• How to complete this task
Exact copy, no pictures: return only the lines below from the line with "为深化产教融合,提升人才培养" up to and including the line with "- これがメイン!「島の朝ご".

---------- Exercise inputs ----------

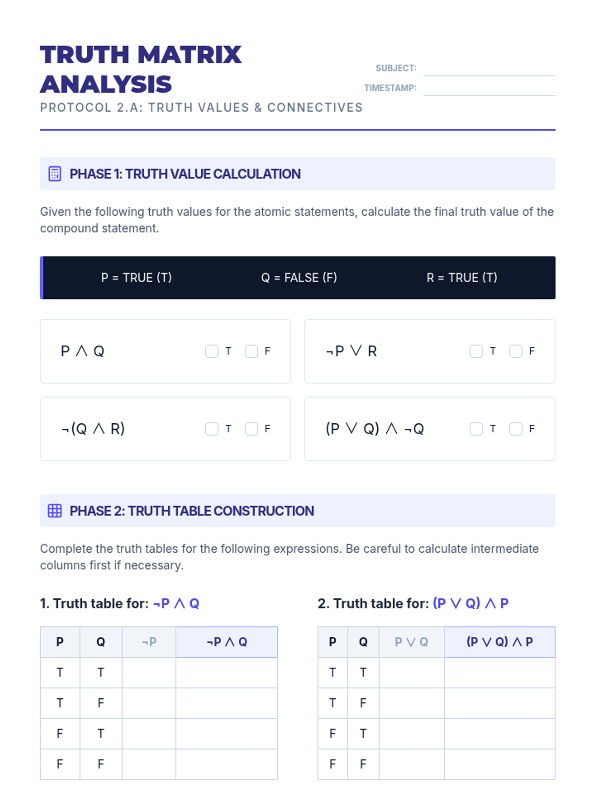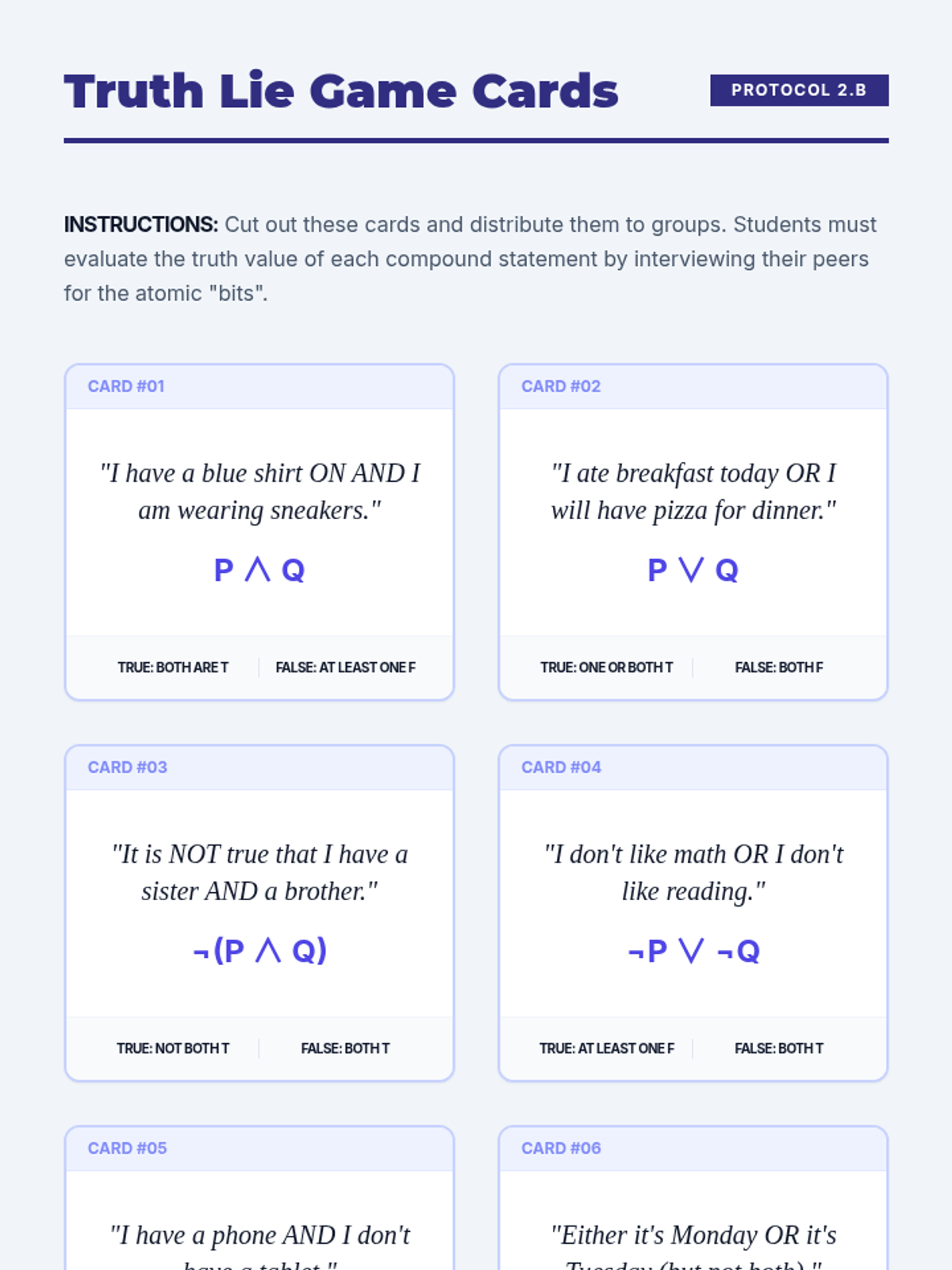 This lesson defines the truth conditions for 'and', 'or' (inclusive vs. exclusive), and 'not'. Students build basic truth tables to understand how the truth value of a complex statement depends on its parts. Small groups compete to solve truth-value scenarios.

----------
---------- Exercise inputs ----------

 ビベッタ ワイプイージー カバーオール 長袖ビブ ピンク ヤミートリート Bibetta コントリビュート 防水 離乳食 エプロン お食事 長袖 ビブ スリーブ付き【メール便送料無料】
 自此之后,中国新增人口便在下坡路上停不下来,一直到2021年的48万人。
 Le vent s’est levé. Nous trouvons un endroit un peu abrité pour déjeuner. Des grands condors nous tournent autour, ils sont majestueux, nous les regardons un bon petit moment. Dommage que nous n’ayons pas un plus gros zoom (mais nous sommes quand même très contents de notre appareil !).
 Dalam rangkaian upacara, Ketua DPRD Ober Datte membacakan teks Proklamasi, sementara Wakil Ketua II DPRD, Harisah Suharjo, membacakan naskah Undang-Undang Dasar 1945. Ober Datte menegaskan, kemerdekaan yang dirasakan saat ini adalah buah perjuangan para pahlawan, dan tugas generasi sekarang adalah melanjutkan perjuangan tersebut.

----------
---------- Exercise inputs ----------

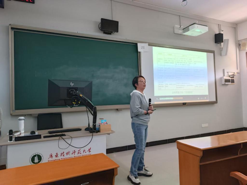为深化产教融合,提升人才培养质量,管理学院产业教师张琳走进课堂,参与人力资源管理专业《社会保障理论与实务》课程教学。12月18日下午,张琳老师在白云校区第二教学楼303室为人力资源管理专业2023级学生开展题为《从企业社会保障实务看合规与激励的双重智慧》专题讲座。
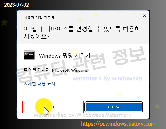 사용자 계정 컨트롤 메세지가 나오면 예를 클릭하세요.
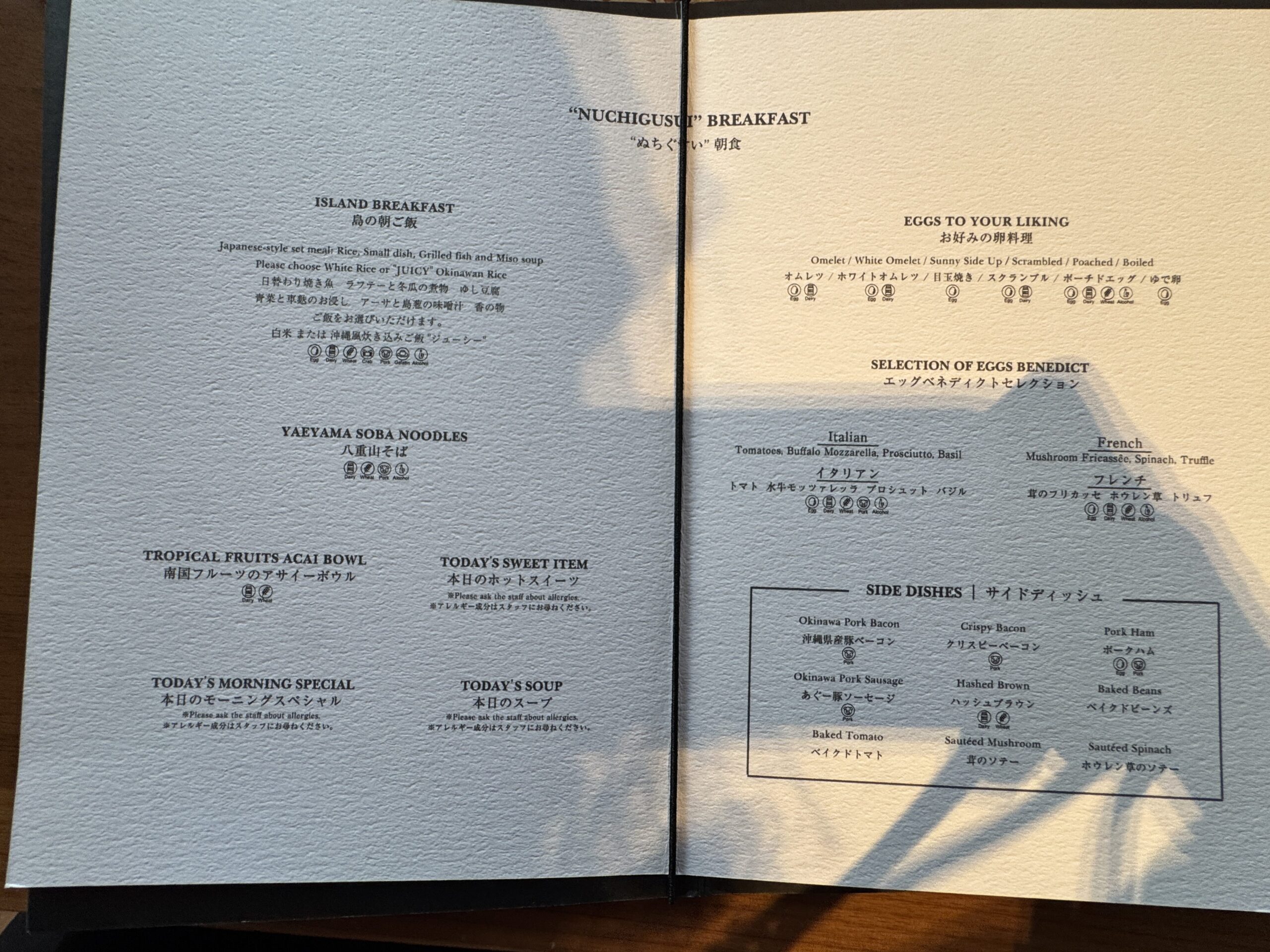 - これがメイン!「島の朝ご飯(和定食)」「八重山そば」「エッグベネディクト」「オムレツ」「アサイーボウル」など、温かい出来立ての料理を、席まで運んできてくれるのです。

----------

• Solution
为深化产教融合,提升人才培养质量,管理学院产业教师张琳走进课堂,参与人力资源管理专业《社会保障理论与实务》课程教学。12月18日下午,张琳老师在白云校区第二教学楼303室为人力资源管理专业2023级学生开展题为《从企业社会保障实务看合规与激励的双重智慧》专题讲座。
 사용자 계정 컨트롤 메세지가 나오면 예를 클릭하세요.
 - これがメイン!「島の朝ご飯(和定食)」「八重山そば」「エッグベネディクト」「オムレツ」「アサイーボウル」など、温かい出来立ての料理を、席まで運んできてくれるのです。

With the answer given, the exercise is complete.